Semuanya sudah berakhir.
Suara terkejut terdengar di sekitarnya. Pada saat ini, tatapan para kultivator di sekitarnya menjadi sangat serius. Mereka semua memandang Xu Qing yang tanpa ekspresi, yang berjalan di samping mayat para bajak laut, dengan ketakutan.
Xu Qing mengabaikan tatapan orang-orang di sekitarnya dan menggunakan belatinya untuk memenggal kepala mayat para bajak laut satu per satu. Kemudian dia berjalan menuju tempat peristirahatan terakhirnya dan menggantung kepala-kepala bajak laut itu di pohon sebagai tanda.
Setelah melakukan semua itu, Xu Qing duduk bersila dan melihat ke ujung lain cekungan. Ada sebuah batu besar di sana.

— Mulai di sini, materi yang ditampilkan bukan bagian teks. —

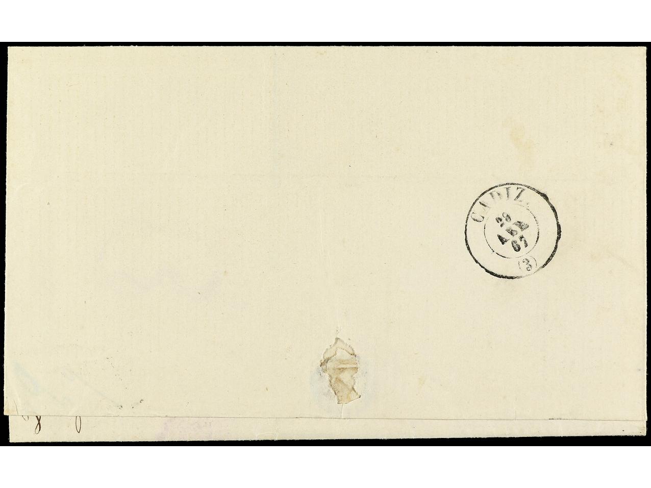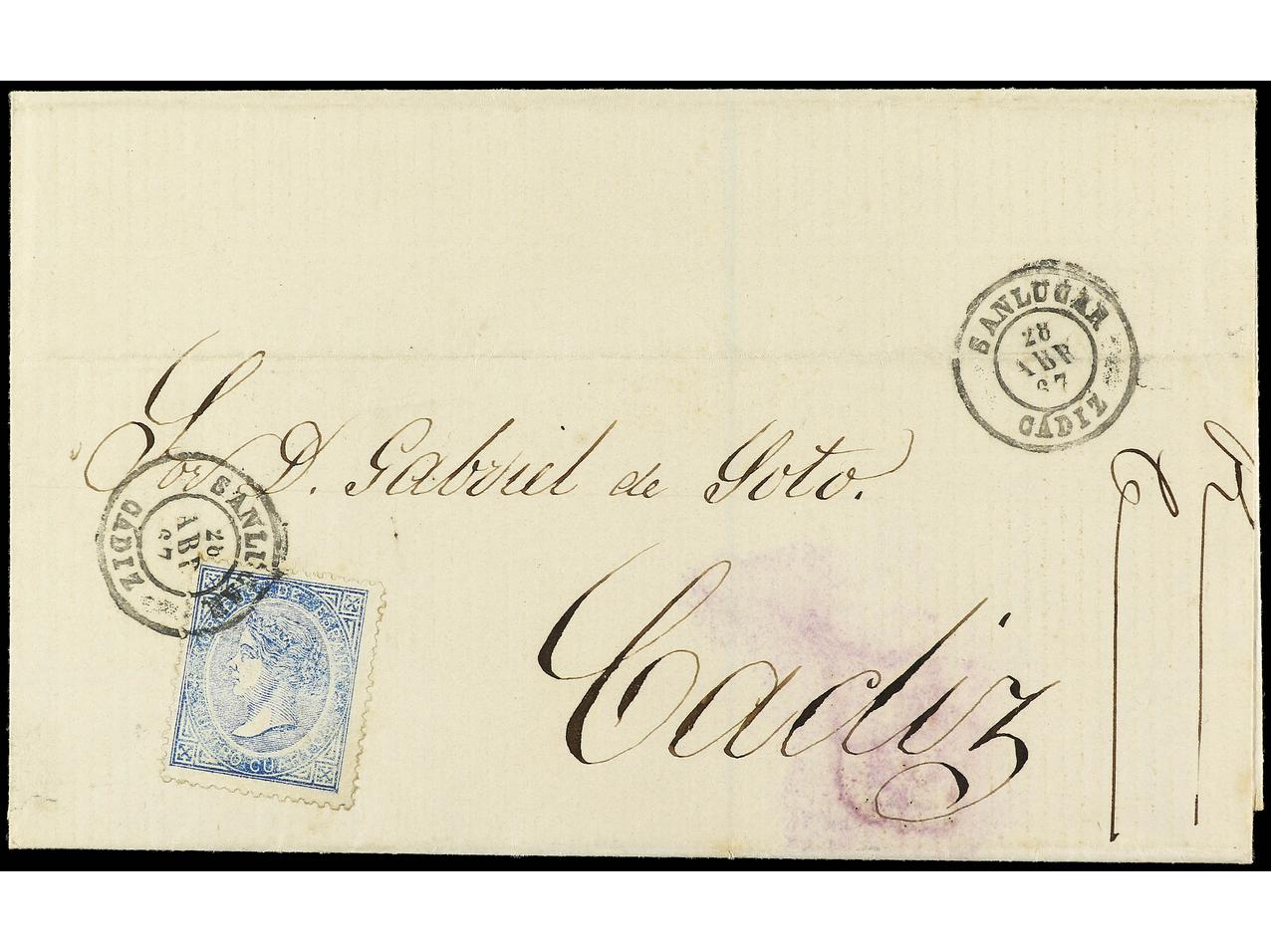 ESPAÑA. 1867. SAN LUCAR a CÁDIZ. 4 cuartos azul COLOR EVANESCENTE. RARO y más en carta. Ed.88. (Image1) (Image2)
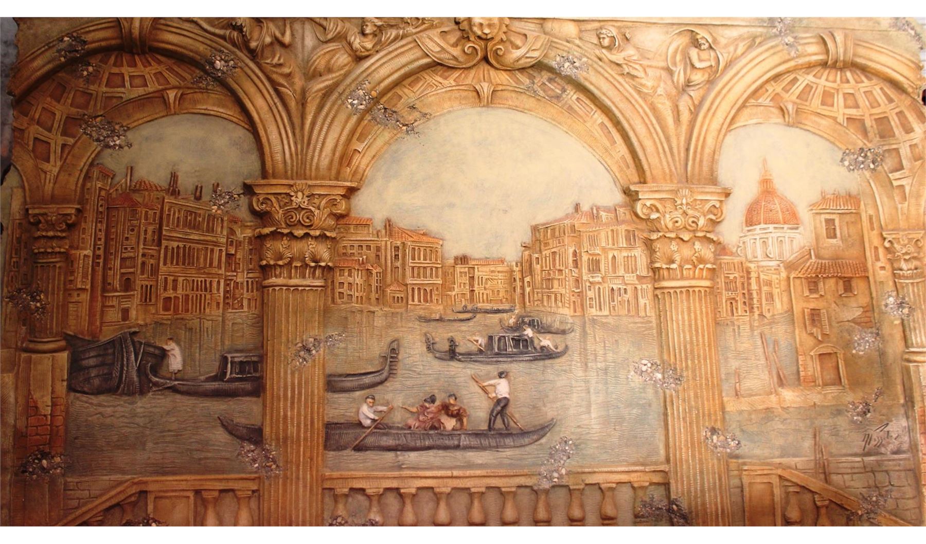 Mauro Pozzobonelli captures the essence of Italy in this intricate, synthetic stone relief of life in Venice. The wall sculpture, edition 5/25, measures 49 x 80.

Di balik batu besar itu, terlihat kepala ular raksasa, serta sosok yang familiar di bawah kepala ular tersebut.
“Dia juga ada di sini!” Xu Qing waspada. Dia tahu bahwa pihak lain itu aneh. Dia menyipitkan mata dan melirik ular besar di belakang pihak lain.
Sosok itu tak lain adalah lelaki tua dari penginapan di Jalan Panquan. Saat melihat Xu Qing saat ini, ia merasa sedih.
“Kenapa anak ini juga ada di sini!”
Keduanya saling pandang dari seberang kolam, tetapi dengan cepat mengalihkan pandangan mereka.
“Sial sekali.” Kata lelaki tua itu dengan suara rendah, tetapi mata ular besar itu jelas berbinar.
“Gurgle, gurgle.”
“Mengapa kau menyapanya? Dia tidak mengerti suara gemericikmu.” Lelaki tua itu menatap ular itu dengan marah.
“Gurgle, gurgle.”
“Apa? Kau mau tanya dia suka ular atau suka makan empedu ular? Kau gila? Apa perlu bertanya? Apa kau tidak memperhatikan barusan? Dia melirik empedumu lagi.”
“Mendeguk!”
“Kau tidak percaya padaku?” Lelaki tua itu terdiam.
“Mendeguk.”
“Aku tak akan membantumu bertanya. Bukankah kau diam-diam mendaftar untuk bergabung dengan Departemen Intelijen Puncak Ketujuh tanpa sepengetahuanku? Kembali dan periksa berapa banyak ular yang dibunuh anak ini.”
Lelaki tua itu tak mau repot-repot memperhatikan ular besar di sampingnya. Ia merasa bahwa sejak ular itu melihat anak kecil bernama Xu Qing, ular itu seolah dirasuki dan otaknya rusak.
“Teruslah bersikeras bahwa dia sedang memperhatikan bentuk tubuhmu. Hehe.”